Please see the end of this email for a representative splat, which is
usually rcutorture printing out something or another. (Which, in its
defense, has worked just fine in the past.)
Bisection converged on this commit:
67e1b0052f6b ("printk_ringbuffer: don't needlessly wrap data blocks around")
Reverting this commit suppressed (or at least hugely reduced the
probability of) the WARN_ON_ONCE().
The SRCU-T, SRCU-U, and TREE09 scenarios hit this most frequently at
about double the base rate, but are CONFIG_SMP=n builds. The RUDE01
scenario was the most productive CONFIG_SMP=y scenario.

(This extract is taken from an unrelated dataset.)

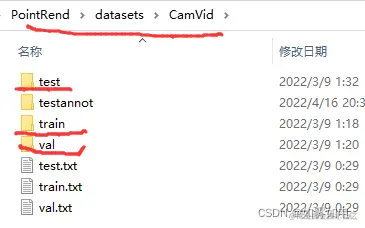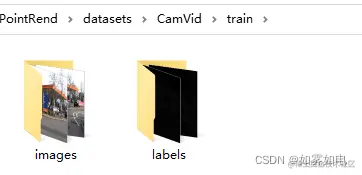 数据就用公共数据集CamVid,该数据集加背景0共12个类,标签值为0-11,下面是一级目标,目录结构及文件名务必保持一致,因为我后面在数据读取的时候添加了读自己数据集的数据导入函数,文件夹名字是固定了的,当然你也可以改代码。
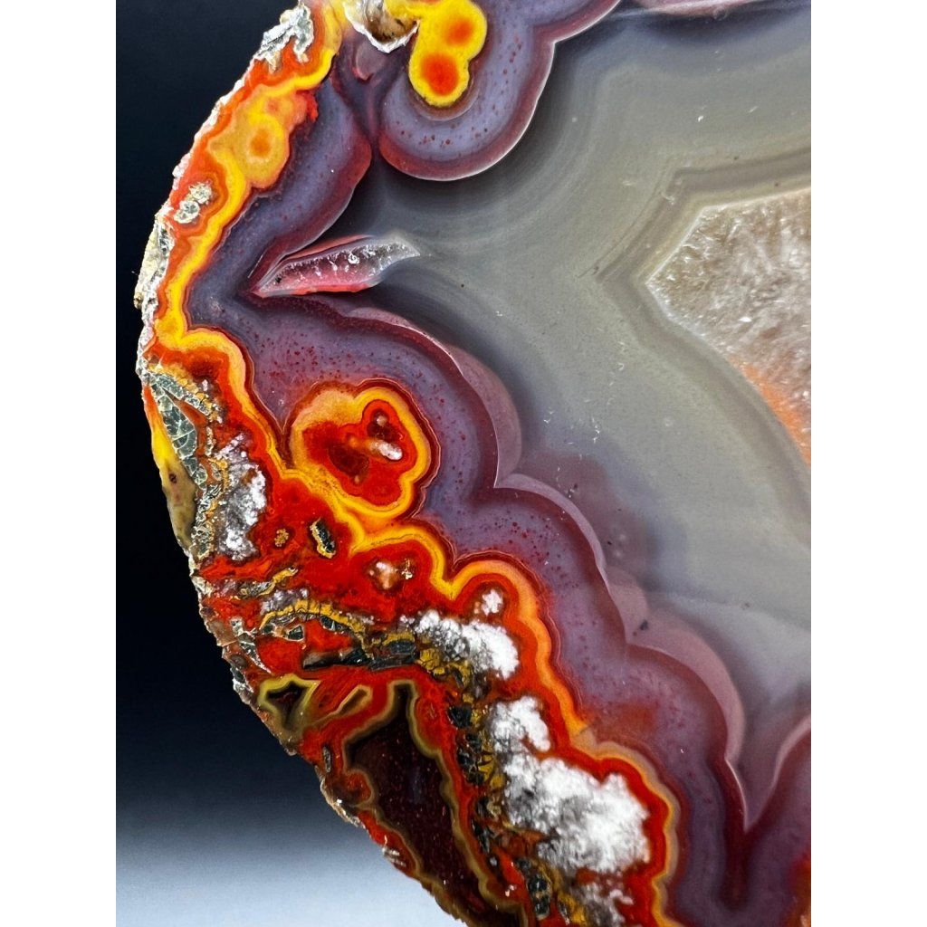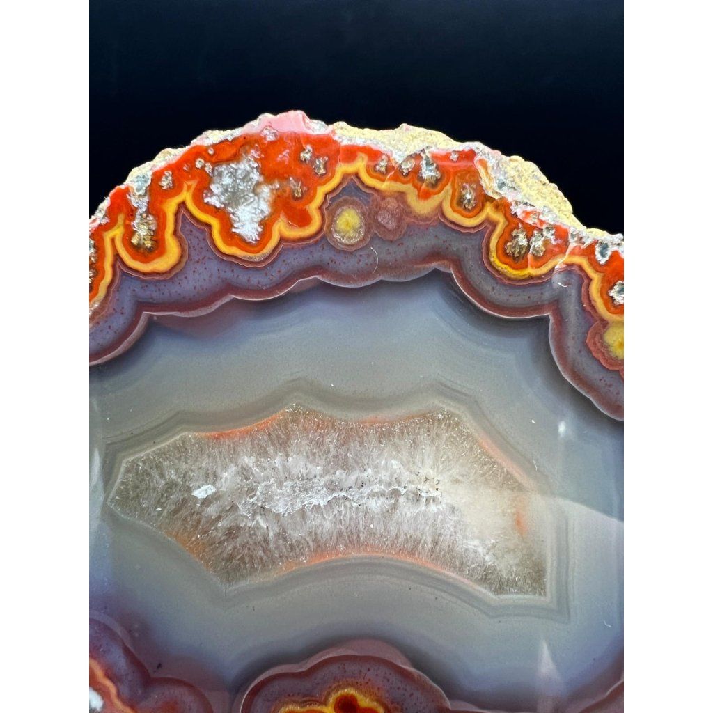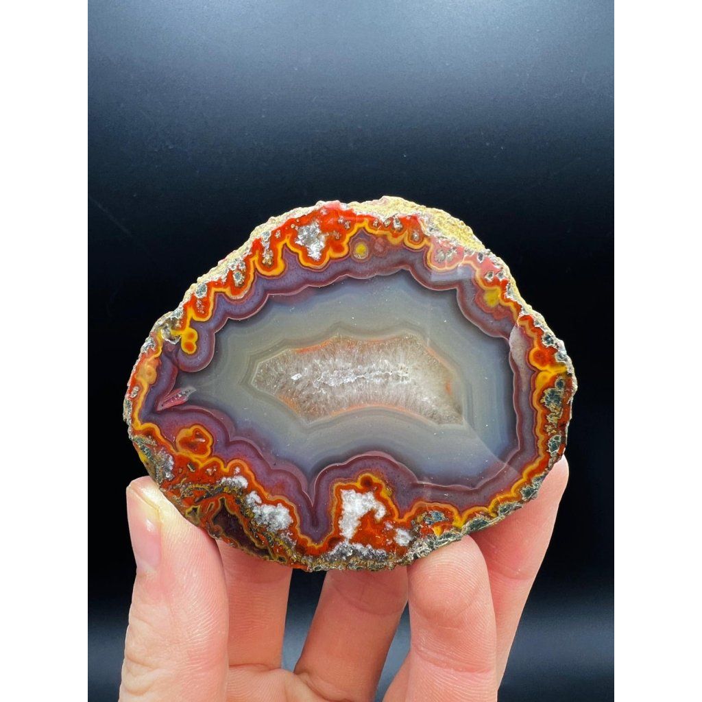 Kvalitní dokonale ukončený achát z marocké lokality Kerrouchen. Fotografie nejsou nijak barevně upravovány – kupujete přesně ten kus, který vidíte.

Reproduce as
follows, where "N" is the number of CPUs on your system divided by three,
rounded down:
tools/testing/selftests/rcutorture/bin/kvm.sh --allcpus --duration 5 --configs "N*RUDE01"
Or if you can do CONFIG_SMP=n, the following works, where "N" is the
number of CPUs on your system:
tools/testing/selftests/rcutorture/bin/kvm.sh --allcpus --duration 5 --configs "N*SRCU-T"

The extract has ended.